¹A.R. Smith Department of Chemistry and Fermentation Sciences, Appalachian State University, ²Faculdade de Ciências Farmacêuticas de Ribeirão Preto, Universidade de São Paulo

Transkript

Zu Beginn werden 20 Milliliter der vergorenen Traubenprobe in ein steriles 50-Milliliter-Schraubverschlussröhrchen überführt. Dann 10 Milliliter kaltes Wasser in das Röhrchen geben und zur Homogenisierung vortexen. Die Probe wird eine Minute lang bei 800 g bei vier Grad Celsius zentrifugiert.

Den Überstand in ein neues 50-Milliliter-Röhrchen umfüllen und bei 3000 g 20 Minuten bei vier Grad Celsius zentrifugieren. Nachdem Sie den Überstand verworfen haben, suspendieren Sie das Pellet in einem Milliliter PBS. Die Zellsuspension in ein Zwei-Milliliter-Schraubverschlussröhrchen geben und zwei Minuten lang bei 14.000 g zentrifugieren.

Nun resuspendieren Sie das Pellet in 978 Mikrolitern Natriumphosphatpuffer mit pH 7,4 und 122 Mikrolitern DNA-Puffer. Wirbeln Sie das Röhrchen vor und stellen Sie es 45 Minuten bis eine Stunde lang auf vier Grad Celsius. Übertragen Sie einen Milliliter der Probe in eine Lyselösung, ein Röhrchen und ziehen Sie die Kappe fest.
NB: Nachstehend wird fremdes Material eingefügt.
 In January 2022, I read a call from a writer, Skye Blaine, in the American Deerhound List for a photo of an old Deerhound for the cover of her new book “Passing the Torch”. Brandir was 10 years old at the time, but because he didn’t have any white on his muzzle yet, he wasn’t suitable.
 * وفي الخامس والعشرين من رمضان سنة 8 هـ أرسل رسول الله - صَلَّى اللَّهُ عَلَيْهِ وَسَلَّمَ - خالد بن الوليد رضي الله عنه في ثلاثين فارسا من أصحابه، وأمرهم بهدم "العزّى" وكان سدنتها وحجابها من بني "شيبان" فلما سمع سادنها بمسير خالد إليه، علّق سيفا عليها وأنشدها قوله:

Homogenisieren Sie die Probe dreimal für jeweils 60 Sekunden in einem Perlschleifer. Dann zentrifugieren Sie das Lysing-Matrix-E-Röhrchen eine Minute lang bei 16.800 G.Übertragen Sie das Suppenrohr in ein sauberes Mikroröhrchen und geben Sie 250 Mikroliter Proteinfällungslösung in das Röhrchen. Schütteln Sie das Röhrchen 10 Mal, um den Inhalt zu mischen.
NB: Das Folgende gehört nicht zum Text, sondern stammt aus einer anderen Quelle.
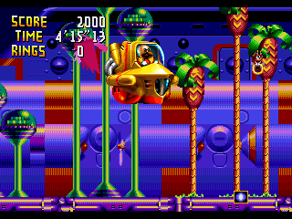 The game is full of these sorts of half-baked ideas, few of which ever really pan out. One new powerup monitor makes the character that breaks it grow very large. While it makes the affected character invincible, it seems like it’s only there to showcase the 32X’s scaling abilities. The game also has a day/night cycle that cycles out every couple of acts. Supposedly, this actually quite a number of things, like minor changes in level layout, which enemies appear in an act, and the difficulty of bosses. Unfortunately, it’s rather hard to actually notice in practice, given how interchangeable each level truly is, and the roulette making it difficult to intentionally get a specific level so as to confirm such changes.
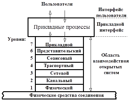 Рис. 2. Багаторівнева структура Такий багаторівневий підхід до реалізації функцій системи застосовується не лише відносно мережних засобів. Наприклад, за такою же моделлю працюють локальні файлові системи. Нехай, користувачу потрібно відкрити певний файл. Верхній рівень моделі розбирає «по кісточках» складене символьне ім'я цього файлу і визначає його унікальний ідентифікатор. Наступний рівень за цим ідентифікатором з’ясовує всі основні характеристики файлу: адресу знаходження, атрибути доступу тощо. На нижчому рівні перевіряються права доступу до файлу, і після обчислення координат області файлу, що містить необхідні дані, виконується фізичний обмін із зовнішнім пристроєм за допомогою драйвера диску. В мережній взаємодії в процесі беруть участь два комп’ютери, тому тут потрібно змоделювати узгоджену роботу двох «ієрархій». Завдання ускладнюється багатьма узгодженостями між цими вузлами. Це угоди про рівень і форму електричних сигналів, спосіб визначення довжини інформації, методи контролю її на помилки і достовірність. Правила повинні бути застосовані для всіх рівнів, починаючи від найвищого, що реалізовує сервіс користувача мережі – до найнижчого рівня, що керує передачею бітів інформації. Можна організовувати багато моделей, але потрібна єдина, стандартна модель, якої б дотримувалися всі виробники мережних продуктів, щоб, як мінімум, забезпечити сумісність нових розробок та розробок, що вже існують і працюють в комп'ютерних мережах. Така модель була створена на початку 80-х років фахівцями провідних організацій зі стандартизації і була розроблена на підставі великого досвіду, отриманого при створенні комп'ютерних мереж, в основному глобальних. Вона зіграла значну роль в розвитку мереж і дотепер все, що стосується мережної взаємодії, прямо або побічно використовує цю модель. 2. OSI ‑ Базова Еталонна модель взаємодії відкритих систем Еталонну модель OSI (Open System Interconnection Reference Model), розроблено Міжнародною організацією зі стандартизації (International Organization for Standardization, ISO). В широкому сенсі відкритою системою може бути названа будь-яка система (комп'ютер, обчислювальна мережа, ОС, програмний пакет, інші апаратні чи програмні продукти), яка побудована відповідно до відкритих специфікацій. Під терміном «специфікація» в обчислювальній техніці розуміють опис апаратних або програмних компонентів: способи їх функціонування, взаємодія з іншими компонентами, умови експлуатації, обмеження і особливі характеристики. Під відкритими специфікаціями розуміють опубліковані, загальнодоступні специфікації, що відповідають стандартам і є прийнятими в результаті досягнення згоди після всебічного обговорення всіма зацікавленими сторонами. Для реальних систем повна відкритість є недосяжним ідеалом, «відкритими» є лише деякі частини, що підтримують зовнішні інтерфейси. Наприклад, відкритість сімейства операційних систем Unix полягає у наявності стандартизованого програмного інтерфейсу між ядром і застосуваннями, що дозволяє легко переносити застосування з середовища однієї версії Unix в середовище іншої версії. Чим більше відкритих специфікацій використано при розробці системи, тим більш відкритою вона є. В моделі OSI під відкритою системою розуміють мережний пристрій, що може взаємодіяти з іншими мережними пристроями з викорис

Die Probe wird fünf Minuten lang bei 16.800 g zentrifugiert und der Überstand in ein steriles 15-Milliliter-Röhrchen überführt. Geben Sie dann einen Milliliter Bindungsmatrixsuspension in den Überstand und mischen Sie, indem Sie die Röhrchen zwei Minuten lang umdrehen, bevor Sie sie für drei Minuten in das Rack legen. Nachdem Sie einen Milliliter des Überstands entfernt haben, resuspendieren Sie die Matrix im verbleibenden Überstand.

600 Mikroliter des Gemisches in ein Schleuderfilterrohr und eine Zentrifuge geben. Anschließend den Durchfluss umfüllen und 500 Mikroliter Waschlösung in das Schleuderfilterrohr geben. Entfernen Sie den Schleuderfilter und legen Sie ihn für fünf Minuten in ein frisches Auffangröhrchen.
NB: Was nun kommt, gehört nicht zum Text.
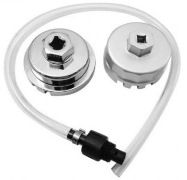 Comes with 2 flute oil filter wrenches and 1 oil drain hose
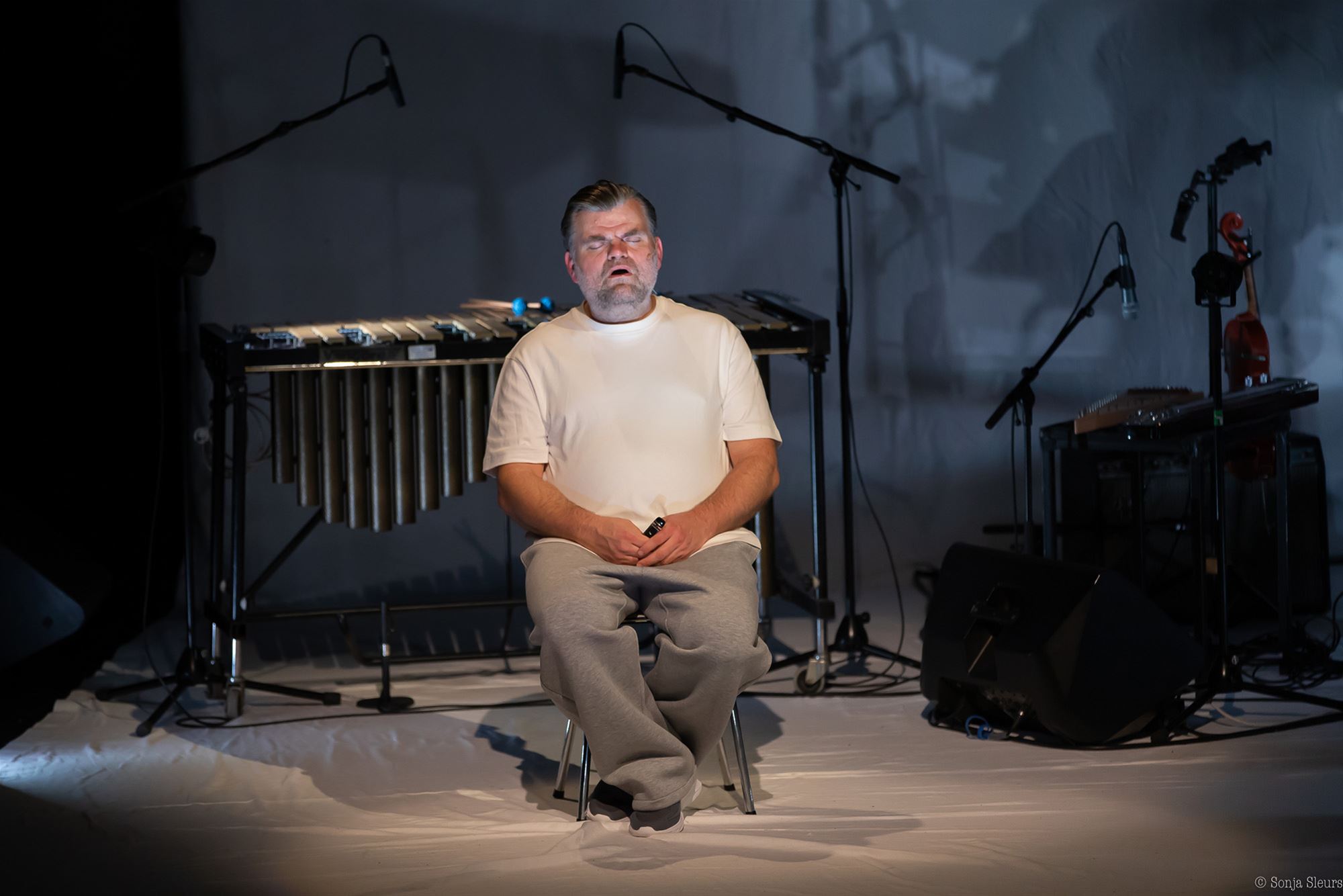 Hij vertolkt een man die opgroeide bij een narcistische moeder en als onderhoudsman belandt op een gigantische, rond de aarde zwevende server waar AI zichzelf blijft ontwikkelen. Van daaruit spreekt hij de wereld toe. Het levert indringend muziektheater op dat schuurt en beklijft.
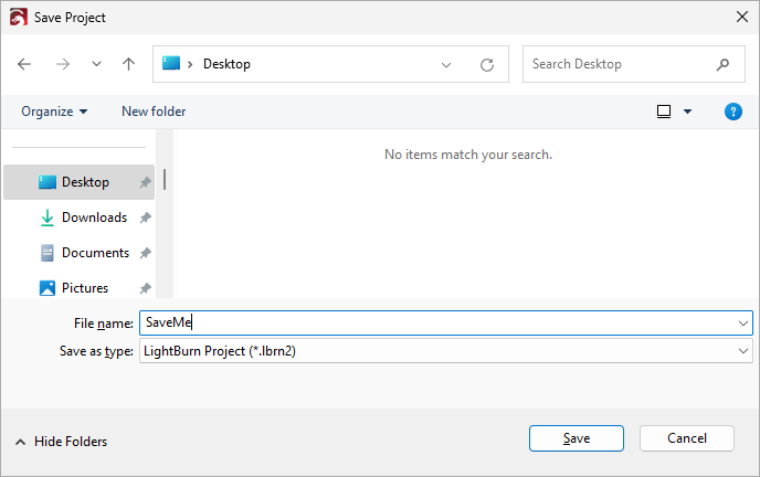 Unless you need to maintain compatibility with extremely old versions of LightBurn or need an easily human-readable file, we recommend leaving the file type set to .lbrn2.
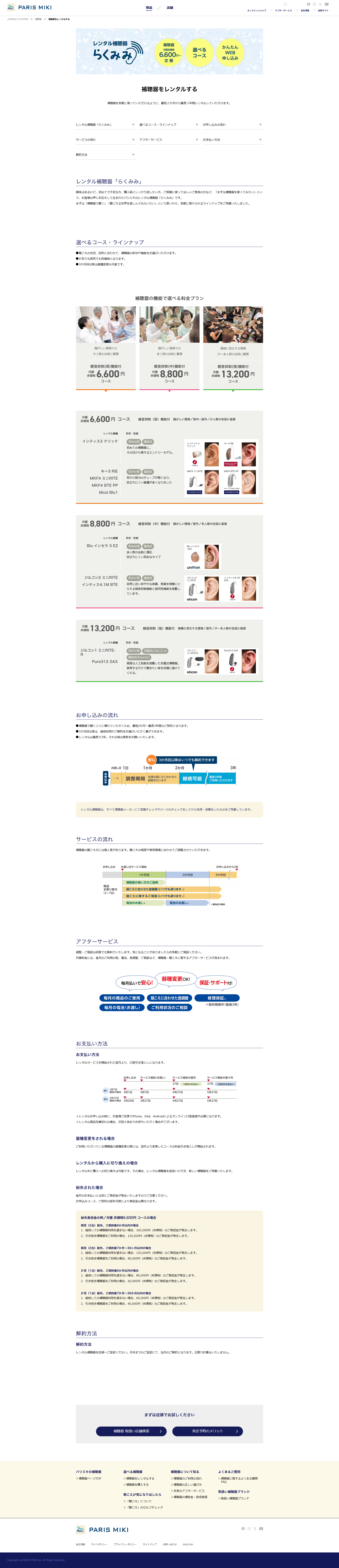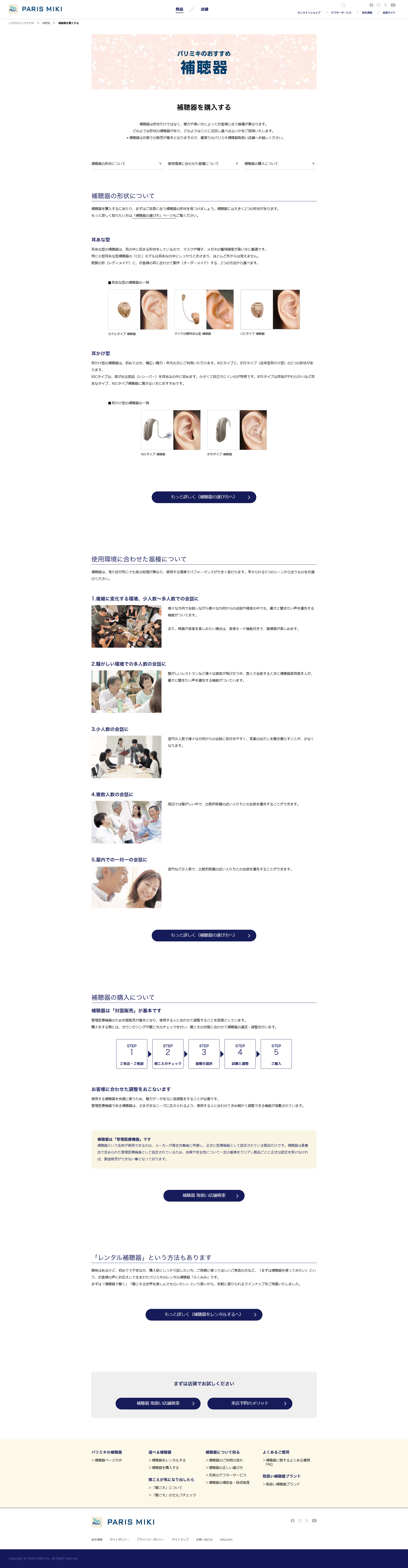 - https://www.paris-miki.co.jp/products/hearingaid/ https://www.paris-miki.co.jp/products/hearingaid/rental/ https://www.paris-miki.co.jp/products/hearingaid/brand/paris-miki-original/ ※抜粋したスクリーンショットとURLのみ掲載していますが、/hearingaid/以下全て担当範囲です。
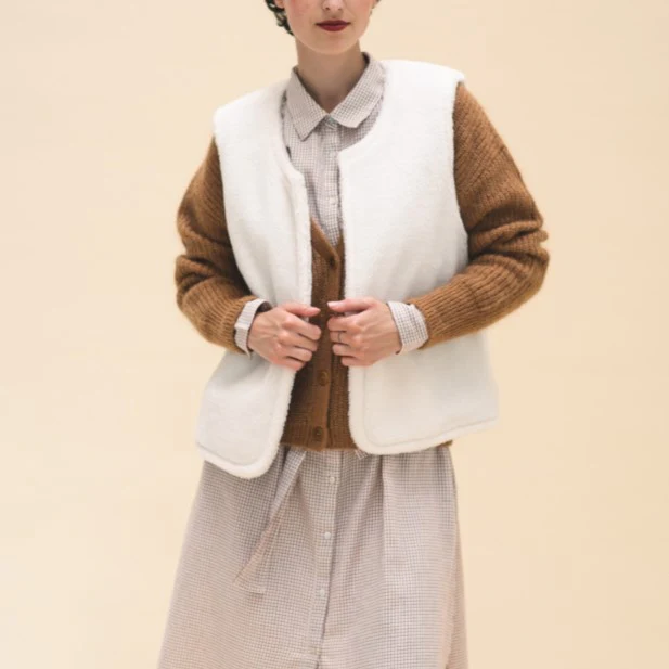 Veste courte réversible sans manches, col rond et coupe droite. Il y a 2 poches sur le devant
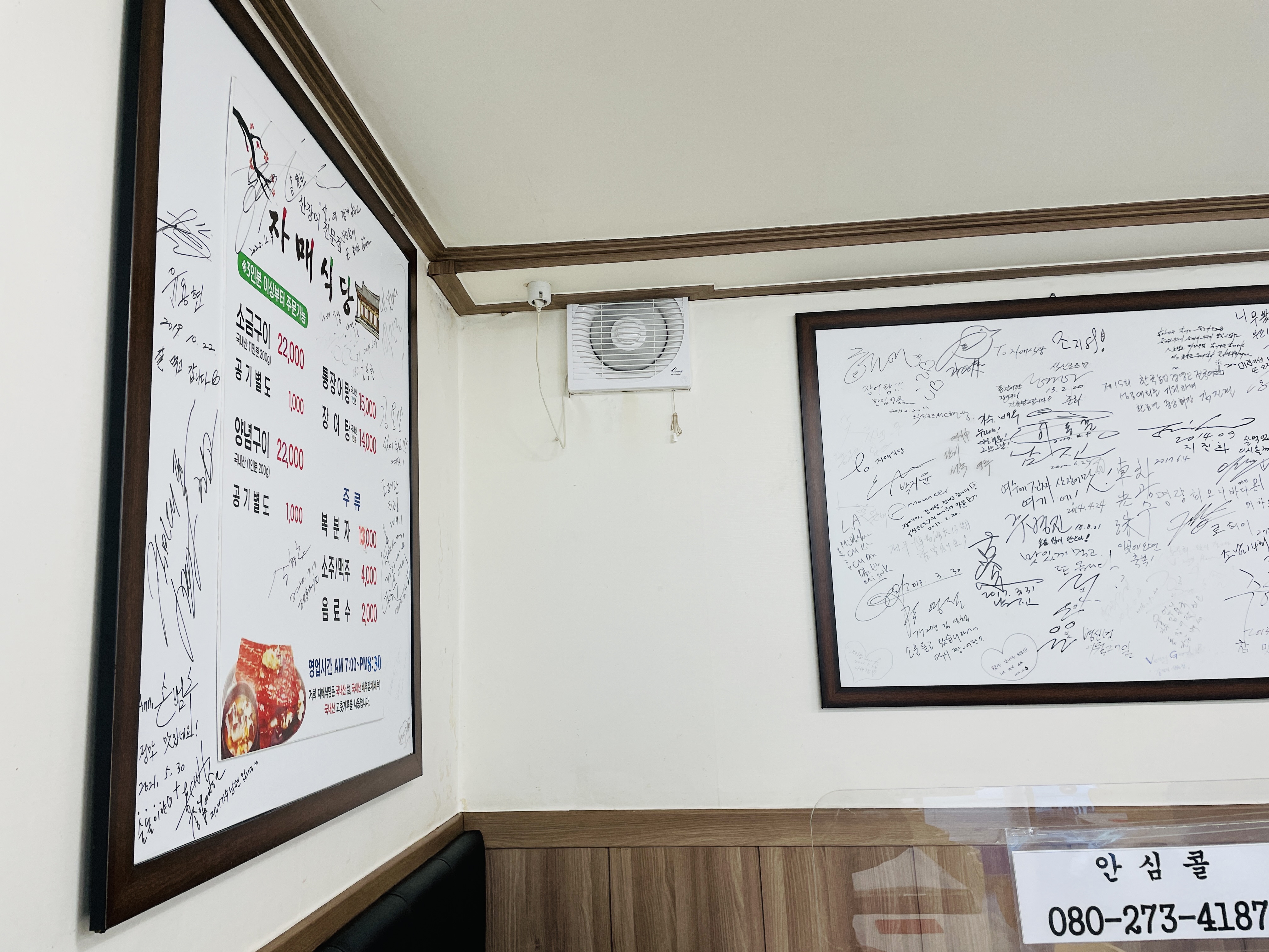 벽에 유명인분들이 방문하셔서 싸인 해놓으신 액자가 있더라구요!

Nach dem Trocknen geben Sie 50 Mikroliter warmes DNAse-freies Wasser auf die Filtermembran und rühren die Matrix vorsichtig mit einer Pipettenspitze um. Eine Minute lang bei 14.500 g zentrifugieren, um die DNA zu eluieren. Laden Sie die Probe auf ein Agarosegel.

Messen Sie schließlich die DNA-Konzentration.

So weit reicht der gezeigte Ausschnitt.